--- Dataset content Enclosed Below ---

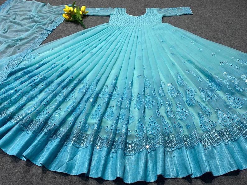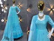 Embroidered Blue Ladies Bridal Georgette Long Gown, Party Wear
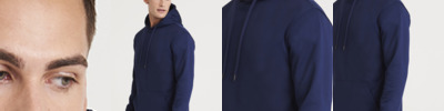 100% polyester. Brushed back fleece. Drop shoulder style. Three panel double fabric hood. Self colour round drawcord with metal tips. Front pouch pocket. Self fabric cuffs and hem. Twin needle stitching. Tear out label.
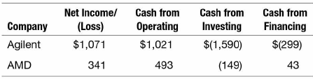 The following information was taken from the 2019 statements of cash flow for Agilent Technologies and Advanced Micro Devices (dollars in millions):

--- End of Enclosed Dataset content ---

> [Assigned task]: Set down all of the material word for word, minus its pictures.

> [Exercise response]:
 Embroidered Blue Ladies Bridal Georgette Long Gown, Party Wear
 100% polyester. Brushed back fleece. Drop shoulder style. Three panel double fabric hood. Self colour round drawcord with metal tips. Front pouch pocket. Self fabric cuffs and hem. Twin needle stitching. Tear out label.
 The following information was taken from the 2019 statements of cash flow for Agilent Technologies and Advanced Micro Devices (dollars in millions):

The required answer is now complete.